(crônica de uma visita a um sítio no Jaru em outubro de 2019 – substituí os nomes verdadeiros. Quem narra é Tereza, esposa do Mário, ele, vaqueiro, aquele tipo de gente que faz tudo num sítio. “Velha” é a dona da fazenda. João José é psicólogo)
Eu sou Tereza, moro bem ali, pertinho da Curva da Morte, nem conto quantos acidentes já vi, porque as carretas não param, Jaru de um lado, Ouro Preto do outro, os morros são altos e vales profundos. Aprendi a viver entre roncos dos carros e o berro do gado. E foi sempre assim.
Precisa ver o Dr. João José está igual a uma criança, veio aqui em casa, de namorada nova, só Deus mesmo. O importante é estar feliz. Ele merece, pessoa boa, me ajudou nos momentos difíceis, sou grata a ele por tudo, ele tem um carinho imenso por mim. Porque eu passo uma energia boa para eles.
Meu horizonte, ali embaixo, onde morava, era curto demais, a rodovia à frente, onde se ouve bem mais do que se vê, o constante barulho de pneus, os fortes freadas e cheiro de borracha queimada, Do outro lado um açude grande num plano abaixo, do barracão insalubre, onde me alegro pescando tilápias. O morro com muitos trilhos escritos, por onde as vacas passam em filas, rodopiando círculos, buscando menor gasto de energia. Vai o dia. Escurece mais cedo, o sol se esconde do outro lado, a comida está pronta e daqui a pouco dormir entre a poesia e a realidade.

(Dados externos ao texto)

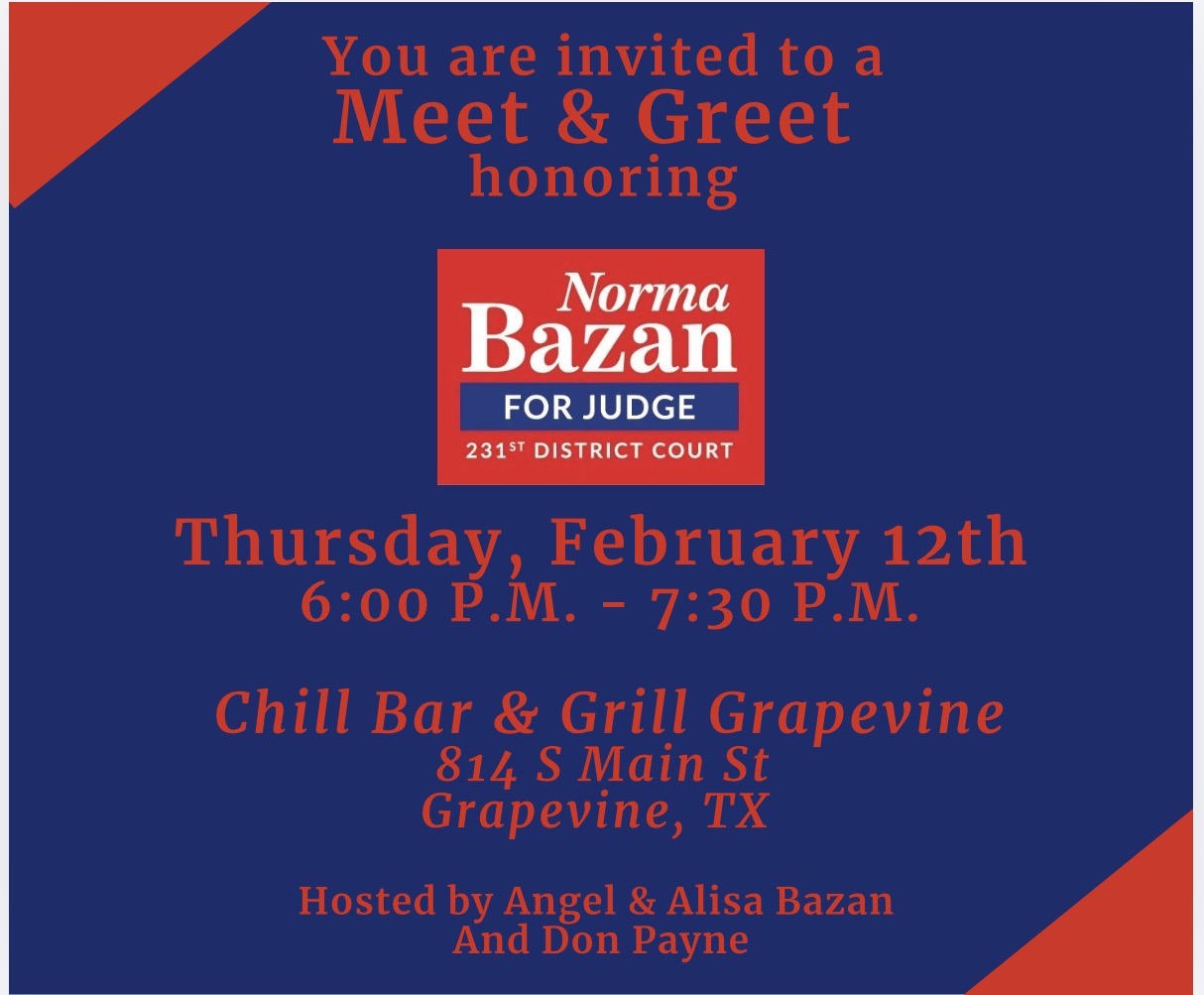 Come meet Norma Bazan, conservative candidate for the 231st District Court. Hosted by Angel & Alisa Bazan and Don Payne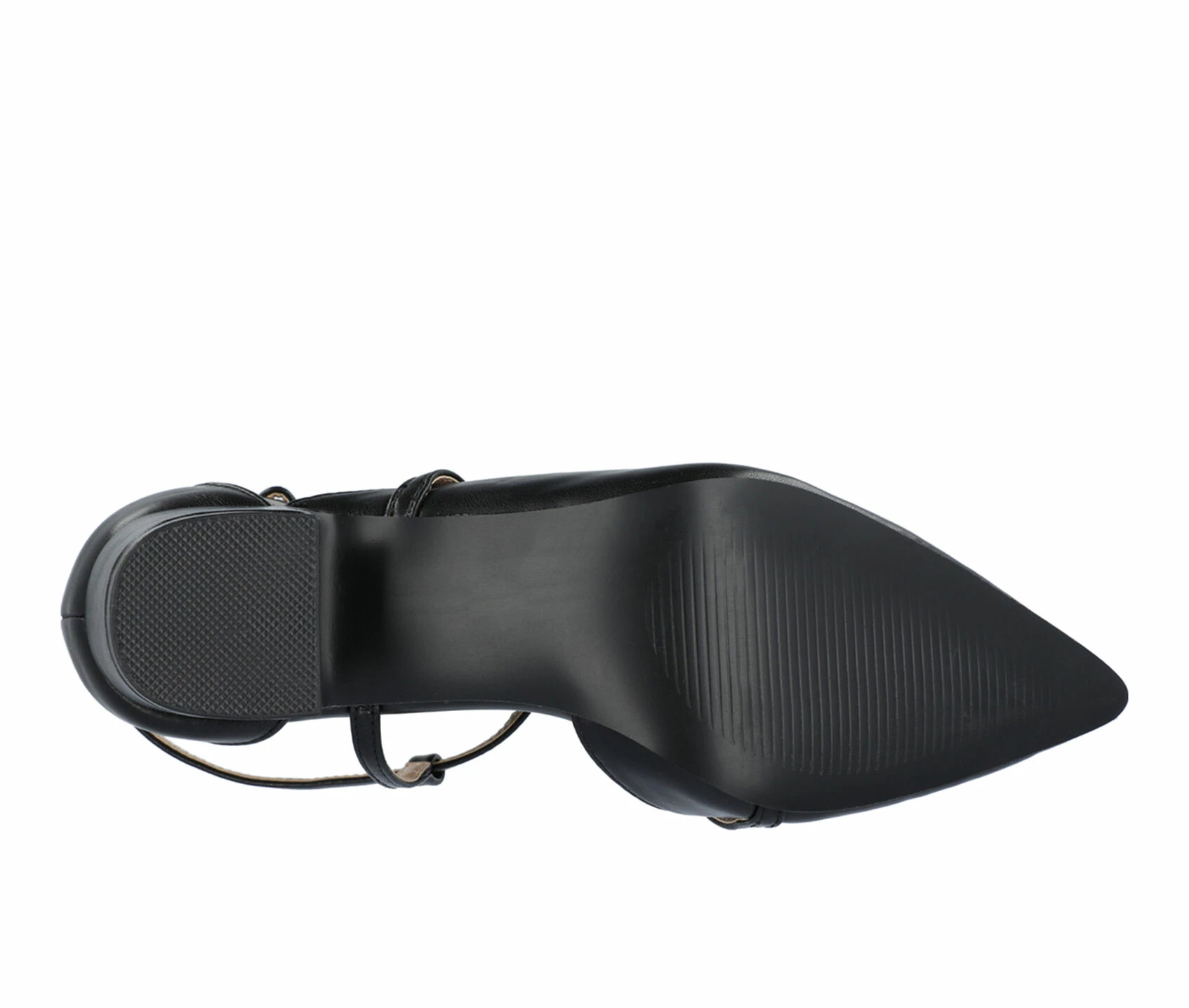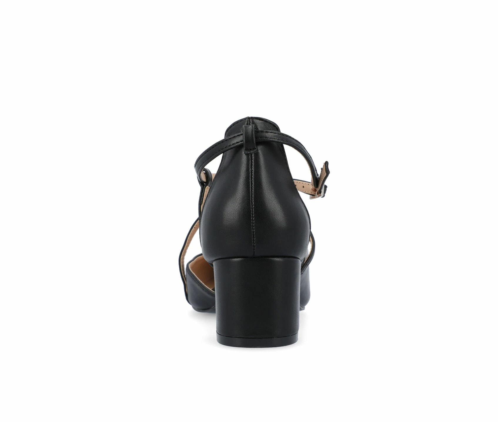 - Our Galvinn heels from Journee Collection will have your outfit looking better than ever. With their luxe vegan leather, multi-strap, and buckle, as well as their crisscross straps, this style is to attract your compliments. As a bonus, their pointed-toe shape and padded insole will take you from event to event in comfort and style.

Ele pediu para o senhor vir aqui, comer um frango caipira, porque adoro cozinhar. Os amigos dele ficaram encantados comigo. Aquela “velha” mesmo, que fala mal de mim, que é endiabrada, tem espírito do mal, nem ligo pra ela. Onde eu chego fico logo “babada” de tanto beijo.
Ninguém me tira do sério. Fico chateada. E vou andando. Logo esqueço. Mais é inveja, a “velha” tá ruim da cabeça. Não guardo mágoa dela. Quando fico parada na BR, parece um show, um buzina outro buzina, eu fico toda alegre, por ter tanto amigo.
O Dr João José que cuidou de mim, como psicólogo, parece que hoje em dia, eu é que cuido dele. Ele disse que eu cheguei lá um lixo, agora, não. Eu falei pra Deus, que de hoje em diante, não choro mais. E parei de tomar todos os remédios, estes remédios não são de Deus, não sou louca, tudo ficou para trás.
Eu durmo bem, noite inteira. Estou em paz. Eu não pego nada dos outros. Posso ver dinheiro no chão, eu não pego mesmo. O que não é meu, eu não quero. Quando eu amo uma pessoa, eu amo mesmo. Não sinto mágoa de ninguém. Aqui dentro do meu coração, só tem espaço para o Senhor Jesus.
Eu sentia tanta coisa no meu corpo. Doía tudo. Aprendi muito na vida. Estou aqui, na casa da “velha” aqui em cima, mas, não mudou nada. Do mesmo jeito que eu morava no barracão lá embaixo. Saio daqui, vou no Jaru, de chinelo, e o povo gosta de mim assim mesmo. Gosto do sítio. Plantar as coisas, criar galinha, minhas cebolinhas estão lindas. Abobrinhas crescendo. A mulher é muito brava, ela fala, fala, eu nem ligo. Deixo ela falar a vontade.
Tão lindo, pé de mamão produzindo. Lá no fundo plantei mandioca também. Minha horta, está linda, tenho uma mão boa para plantar. Folhas imensas de cebola, me dá tanto orgulho. A galinha tá gorda, só gordura, está aqui na panela.
A filha (da velha) dela chegou perto da gente. E tampou o nariz com os dedos, precisava ver, mas, vou vencer, com fé em Deus. Fico triste pelo meu marido, ele só sabe mexer com roça, cuidando de gado. Mário não sabe ler, faz cerca, cuida do gado, ela é implicante, ela deve colocar dentro do caixão a casa, a fazenda e tudo mais. Eles não são de Deus. A velha é do diabo, ser humano desprezível.
Hoje não sinto mais dor no estômago. Quando era criança gostava muito de pescar. Saía com um cachorro que eu tinha, comia palmito, castanha. Quando não estava pescando, andava pelos pastos, botava o cachorro no rastro do veado, depois íamos tomar banho no riacho de água cristalina. Ficava horas olhando as borboletas, muitas cores, brancas, azuis, amarelas. Só chegava em casa a noite.
Eu fazia uma bica com folha de bananeira para beber água saudável. Era uma delícia.